* Assigned task *
Reproduction of part of the material below, pictures omitted: copy exactly, and only, the lines starting with the one with "On the ground" and going on through the one with "11 - أَخْبَرَنِي".

* Input data *
..........

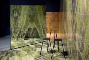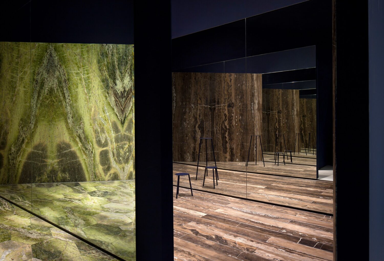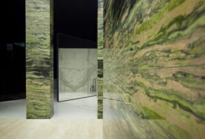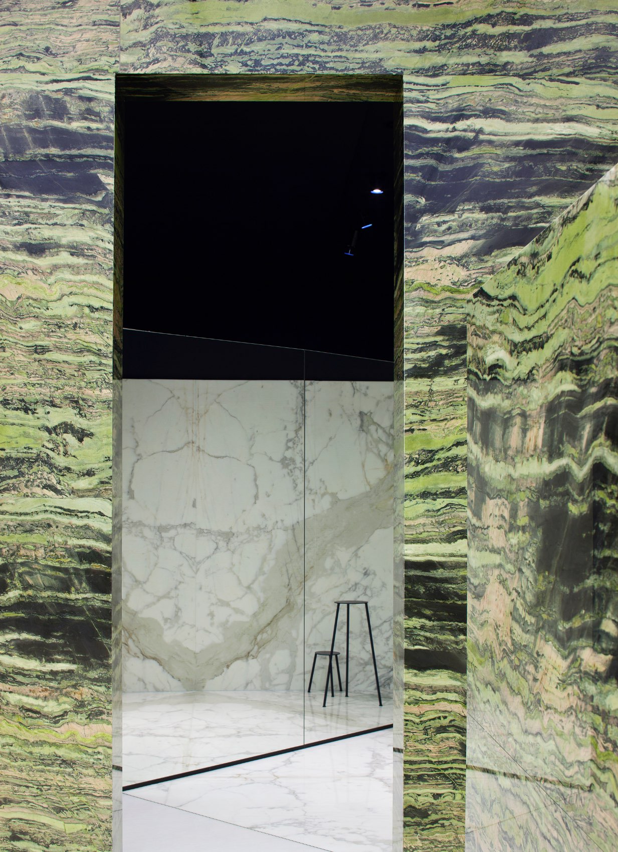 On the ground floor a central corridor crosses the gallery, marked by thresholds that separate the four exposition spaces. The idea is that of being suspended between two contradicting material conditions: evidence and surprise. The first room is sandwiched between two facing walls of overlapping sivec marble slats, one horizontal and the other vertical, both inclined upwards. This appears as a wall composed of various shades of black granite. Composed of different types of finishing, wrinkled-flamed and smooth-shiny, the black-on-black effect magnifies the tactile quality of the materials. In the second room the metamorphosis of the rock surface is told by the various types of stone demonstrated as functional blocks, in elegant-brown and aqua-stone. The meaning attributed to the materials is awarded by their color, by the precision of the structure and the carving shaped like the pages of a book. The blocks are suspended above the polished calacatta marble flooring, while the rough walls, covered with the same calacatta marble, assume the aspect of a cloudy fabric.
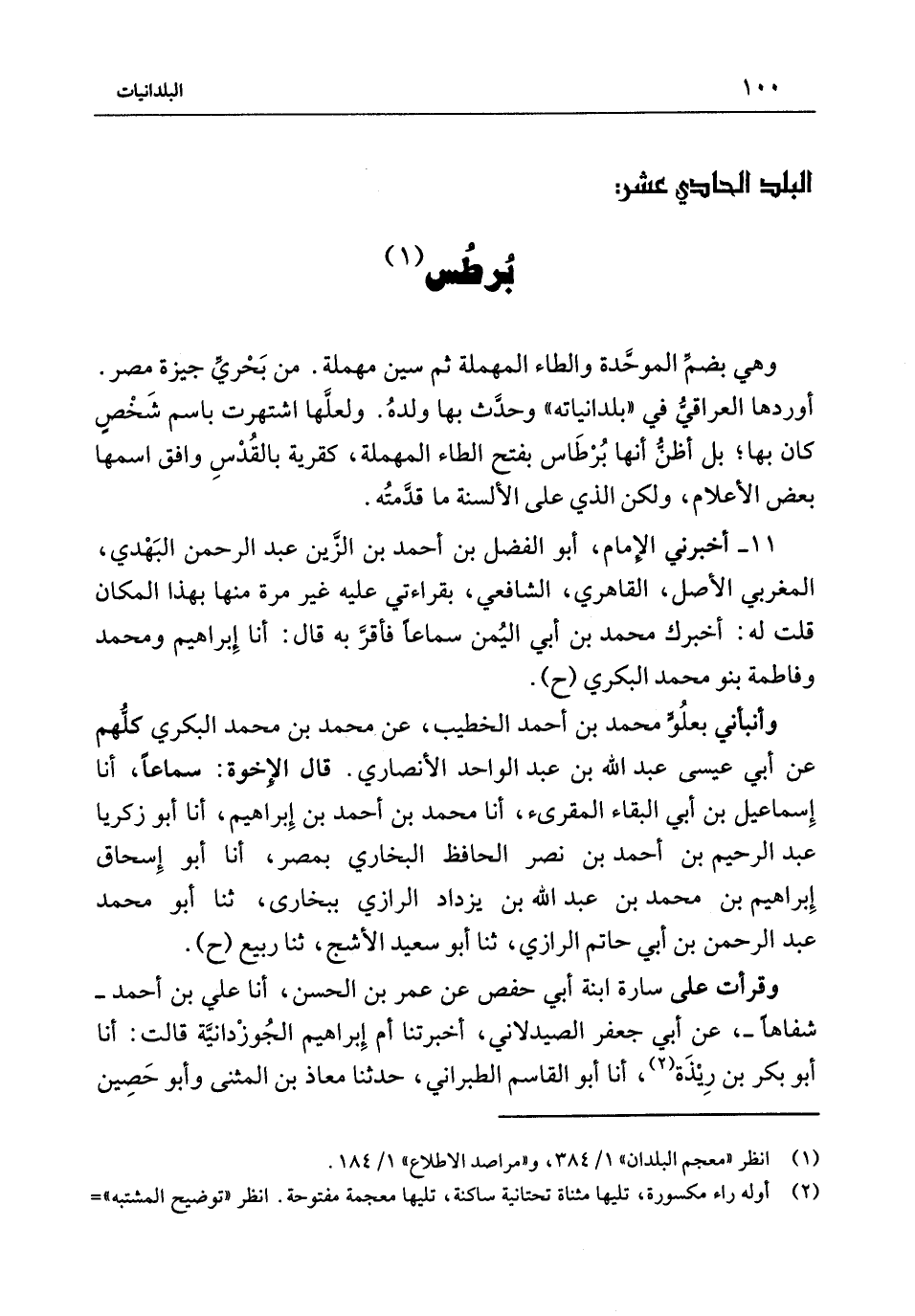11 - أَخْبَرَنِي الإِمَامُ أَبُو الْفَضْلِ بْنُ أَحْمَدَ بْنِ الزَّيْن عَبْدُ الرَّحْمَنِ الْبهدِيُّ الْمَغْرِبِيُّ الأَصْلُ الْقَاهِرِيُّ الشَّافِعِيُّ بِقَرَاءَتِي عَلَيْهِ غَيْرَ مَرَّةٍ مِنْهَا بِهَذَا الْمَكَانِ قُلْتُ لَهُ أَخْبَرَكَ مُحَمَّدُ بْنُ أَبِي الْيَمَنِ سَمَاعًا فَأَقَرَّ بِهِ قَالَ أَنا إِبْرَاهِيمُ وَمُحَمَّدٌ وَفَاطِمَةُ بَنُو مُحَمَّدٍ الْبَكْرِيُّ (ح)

..........

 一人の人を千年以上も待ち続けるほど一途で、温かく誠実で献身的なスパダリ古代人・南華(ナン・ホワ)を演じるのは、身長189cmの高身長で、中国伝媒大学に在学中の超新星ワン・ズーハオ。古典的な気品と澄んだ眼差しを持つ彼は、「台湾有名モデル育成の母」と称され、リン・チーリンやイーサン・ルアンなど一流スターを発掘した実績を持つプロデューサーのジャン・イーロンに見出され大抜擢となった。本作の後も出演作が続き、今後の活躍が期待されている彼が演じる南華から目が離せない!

..........

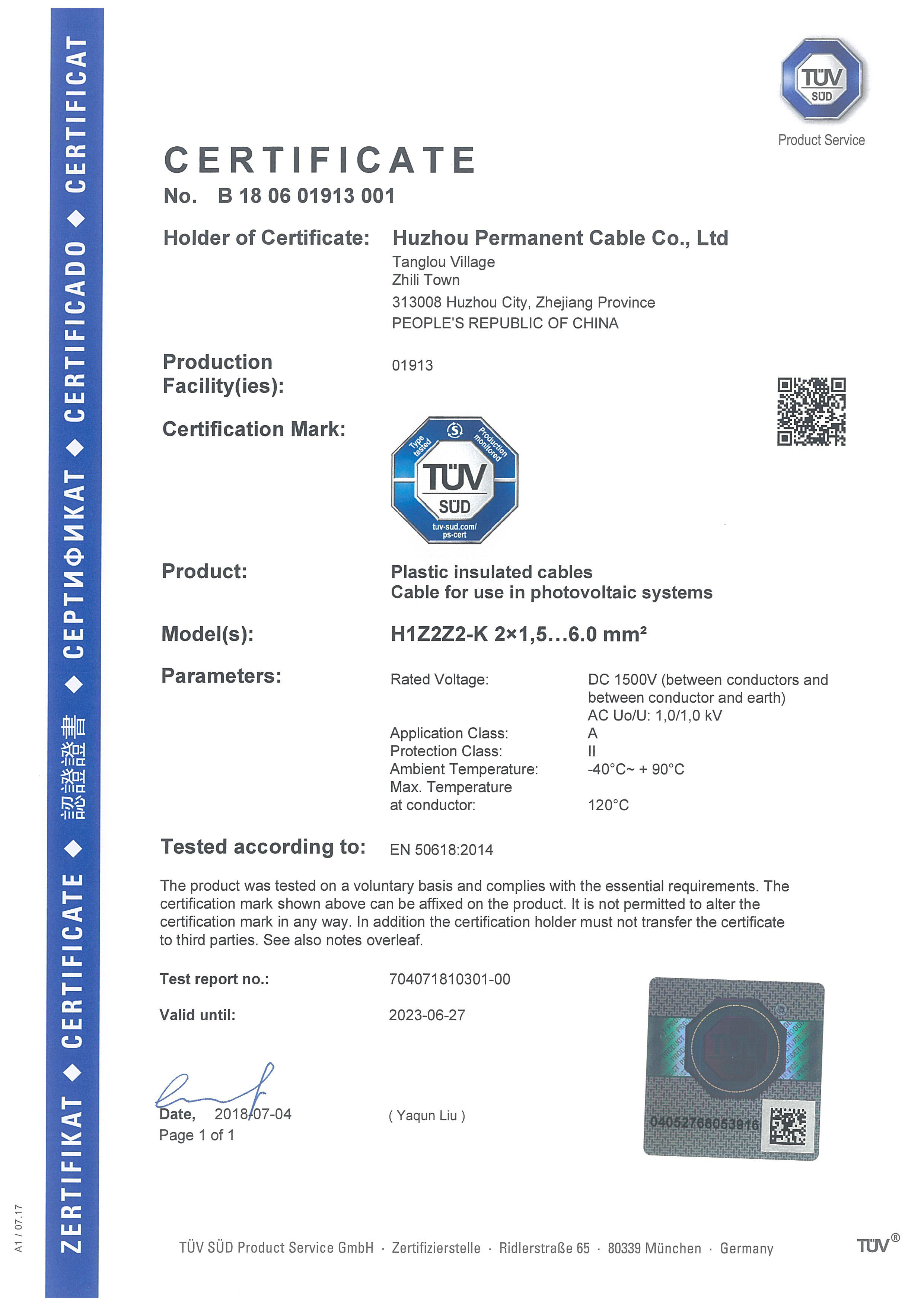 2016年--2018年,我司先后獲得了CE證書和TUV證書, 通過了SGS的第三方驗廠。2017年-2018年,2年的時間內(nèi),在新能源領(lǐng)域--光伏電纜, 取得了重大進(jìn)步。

..........

* Worked solution *
 On the ground floor a central corridor crosses the gallery, marked by thresholds that separate the four exposition spaces. The idea is that of being suspended between two contradicting material conditions: evidence and surprise. The first room is sandwiched between two facing walls of overlapping sivec marble slats, one horizontal and the other vertical, both inclined upwards. This appears as a wall composed of various shades of black granite. Composed of different types of finishing, wrinkled-flamed and smooth-shiny, the black-on-black effect magnifies the tactile quality of the materials. In the second room the metamorphosis of the rock surface is told by the various types of stone demonstrated as functional blocks, in elegant-brown and aqua-stone. The meaning attributed to the materials is awarded by their color, by the precision of the structure and the carving shaped like the pages of a book. The blocks are suspended above the polished calacatta marble flooring, while the rough walls, covered with the same calacatta marble, assume the aspect of a cloudy fabric.
11 - أَخْبَرَنِي الإِمَامُ أَبُو الْفَضْلِ بْنُ أَحْمَدَ بْنِ الزَّيْن عَبْدُ الرَّحْمَنِ الْبهدِيُّ الْمَغْرِبِيُّ الأَصْلُ الْقَاهِرِيُّ الشَّافِعِيُّ بِقَرَاءَتِي عَلَيْهِ غَيْرَ مَرَّةٍ مِنْهَا بِهَذَا الْمَكَانِ قُلْتُ لَهُ أَخْبَرَكَ مُحَمَّدُ بْنُ أَبِي الْيَمَنِ سَمَاعًا فَأَقَرَّ بِهِ قَالَ أَنا إِبْرَاهِيمُ وَمُحَمَّدٌ وَفَاطِمَةُ بَنُو مُحَمَّدٍ الْبَكْرِيُّ (ح)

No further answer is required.